_TASK TO COMPLETE_:
Print exactly what appears from the line containing "Ohne eine zuverlässige" through the final line of the data below, pictures excluded.

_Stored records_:

════════════════════

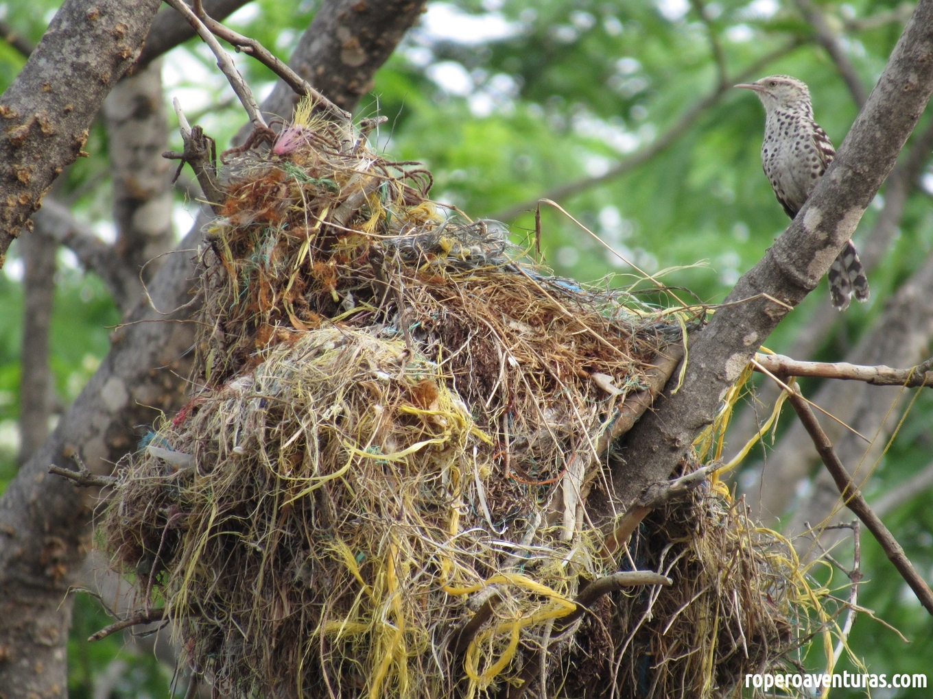 Los cucaracheros aprovechan toda clase de fibras disponibles en el hábitat para la construcción de sus nidos, incluyendo desechos generados por el hombre, aquí en el sector del balneario Hurtado, Valledupar. Foto: Jose Luis Ropero.
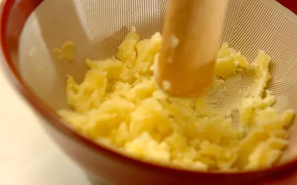 2、竹串が通る様になったらカリフラワーを入れて、ゆでる。ゆであがったらジャガイモをすり鉢に入れ、全体が滑らかになるまですりこ木などでつぶす。
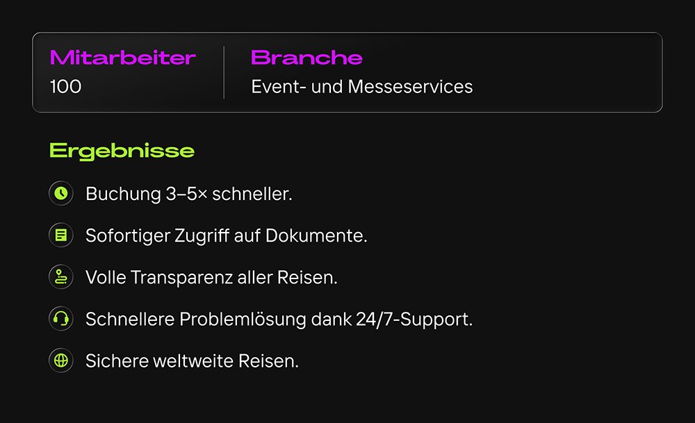 Ohne eine zuverlässige Lösung war die Planung internationaler Geschäftsreisen zu riskant – das Unternehmen stoppte seine Reiseaktivitäten und suchte nach etwas Besserem.
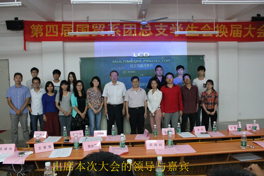 2013年10月16日晚上7点30分,国贸系第四届团总支学生会换届大会在博C101隆重举行。我院党委黄桂标书记、我系祁建主任、党总支副书记潘虹老师、团总支书记于晓林老师、辅导员及专业指导老师出席本次换届大会。
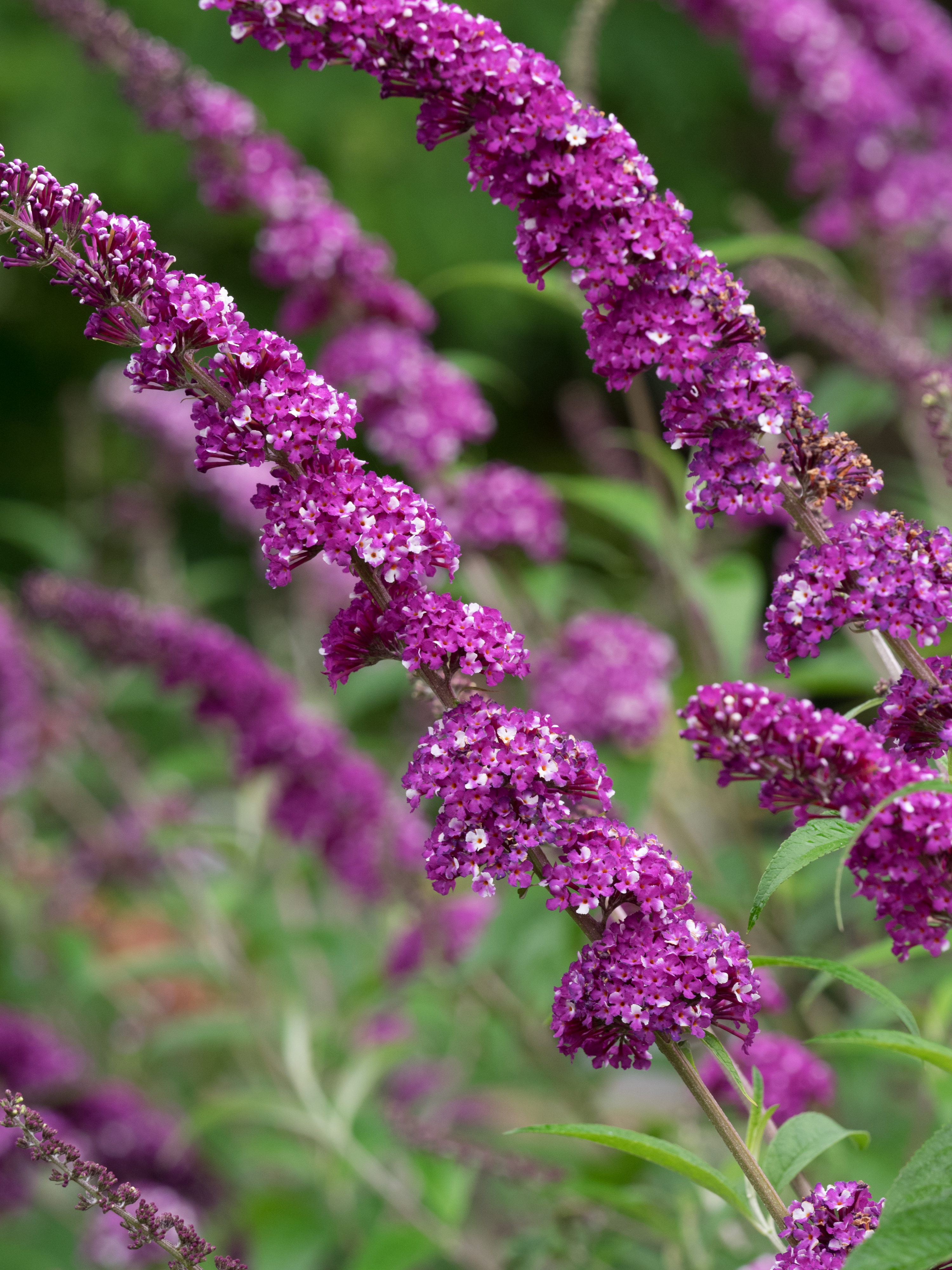 Bred by Peter R. Moore in Stockbridge, England. Plant habit to 2m tall and 0.7m wide, broadly bushy-upright, lateral shoots slightly pendulous. Dark-green, narrow foliage; scented flowers bourne in long, upright, two-toned spikes – dark lilac with white segments forming a pleasant contrast. A striking magnet for bees and butterflies, drought-tolerant, excellent winter hardiness and suitable for all soil types, also for containers on balconies and terraces and in the landscape as well as a cut flower for the vase. D, K, R, S. Zone 6b. European Plant Breeders Rights EU 52668. Protected variety - unauthorized reproduction prohibited!

════════════════════

_ANSWER SPACE_:
 Ohne eine zuverlässige Lösung war die Planung internationaler Geschäftsreisen zu riskant – das Unternehmen stoppte seine Reiseaktivitäten und suchte nach etwas Besserem.
 2013年10月16日晚上7点30分,国贸系第四届团总支学生会换届大会在博C101隆重举行。我院党委黄桂标书记、我系祁建主任、党总支副书记潘虹老师、团总支书记于晓林老师、辅导员及专业指导老师出席本次换届大会。
 Bred by Peter R. Moore in Stockbridge, England. Plant habit to 2m tall and 0.7m wide, broadly bushy-upright, lateral shoots slightly pendulous. Dark-green, narrow foliage; scented flowers bourne in long, upright, two-toned spikes – dark lilac with white segments forming a pleasant contrast. A striking magnet for bees and butterflies, drought-tolerant, excellent winter hardiness and suitable for all soil types, also for containers on balconies and terraces and in the landscape as well as a cut flower for the vase. D, K, R, S. Zone 6b. European Plant Breeders Rights EU 52668. Protected variety - unauthorized reproduction prohibited!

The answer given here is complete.